With the majority of the properties taken up, the program is set to come through. However, Barclays analysts predict only a modest overall effect on the housing market. This is because of the program's concentration to only certain pockets of the U.S. housing market.
"Relatively modest rental yields at the national level and the onerous operational logistics of managing REO homes spread across regions will likely keep the positive effects of the program limited to regions such as Phoenix, Chicago, and parts of California/Florida," according to the report.
There is also good news outside of the Fannie Mae program. REO rental properties that fall outside of the scheme have seen some good interest, according to data reported by Memphis Invest. The company is a provider of single-family rental real estate investment services and, and based on its data, 1Q12 activity showed a 67% year-over-year increase in the number of homes sold to investors.

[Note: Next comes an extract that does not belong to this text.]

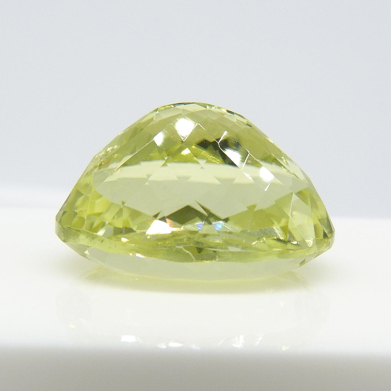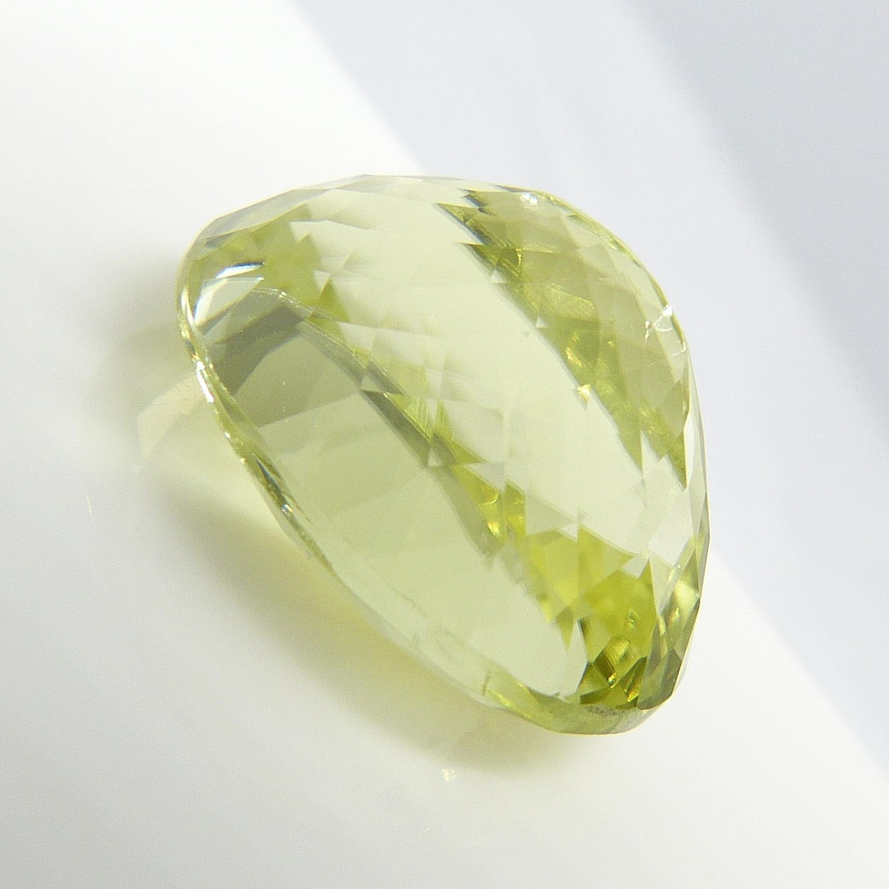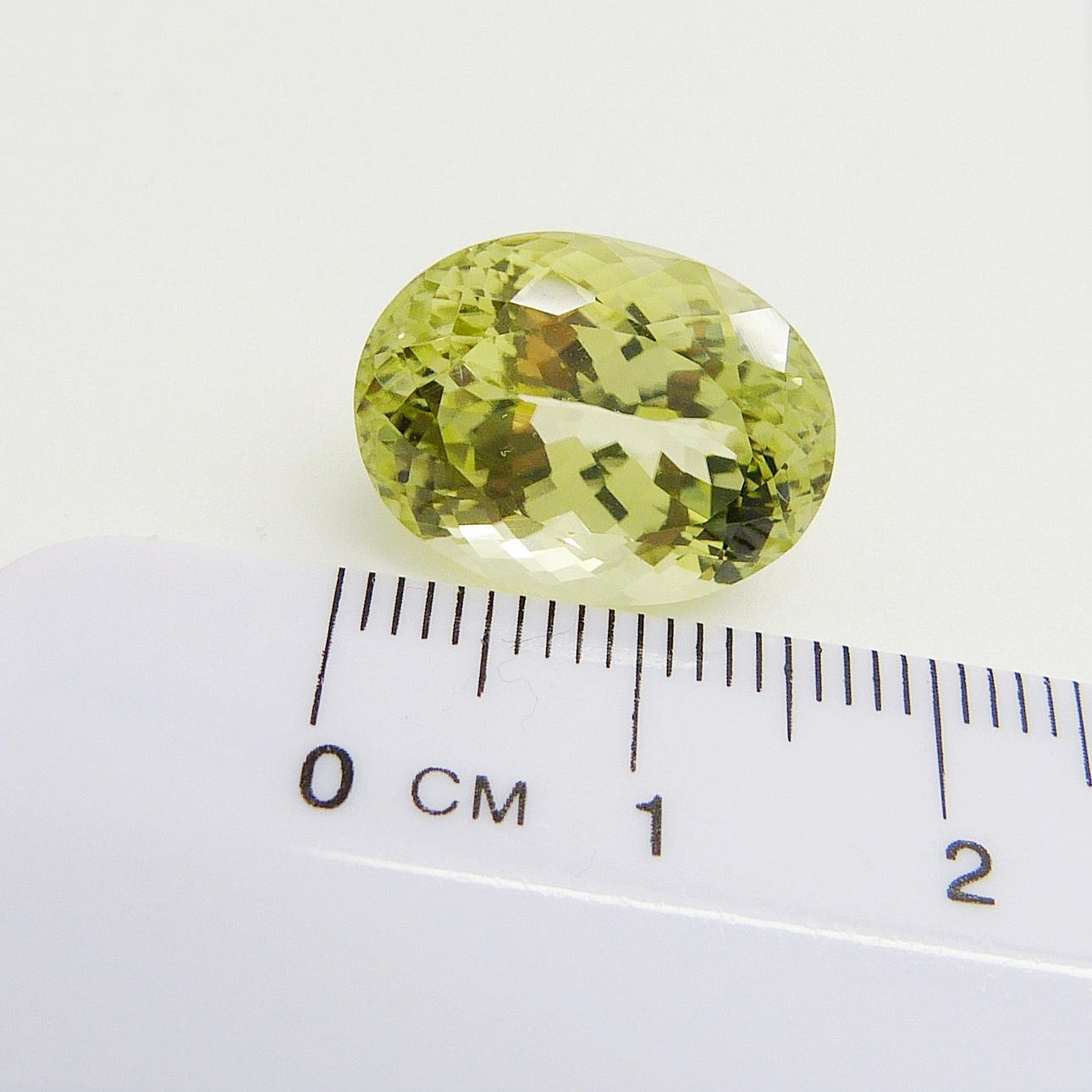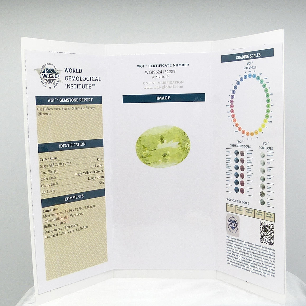 En certifierad stor, ovanlig mångfacetterad limegul oval Sillimanite mineral ädelsten, med en karatvikt av 13,11 ct, boxad.

The company sold 99 homes in 1Q12, compared to 59 homes sold in 1Q11. The report also showed that of those 99 homes purchased by investors, 82% were real estate owned (REO) properties. Currently, REO properties comprise 85% of the company’s total inventory.
The activity in the sector, the company said in a press report, reflects continued growth in the REO-to-rental market "that has become increasingly attractive for individual investors looking to capitalize on the distressed housing market and the increase in demand for single-family rentals."
Memphis Invest places tenants in the home and manages tenant relations on an ongoing basis for its investors. It currently manages over 1,000 properties in Memphis and Dallas – 97% of whom reside outside Tennessee and Texas.
So far in 2012 the company is purchasing an average of 35 homes per month, up from an average of 27 homes purchased per month last year.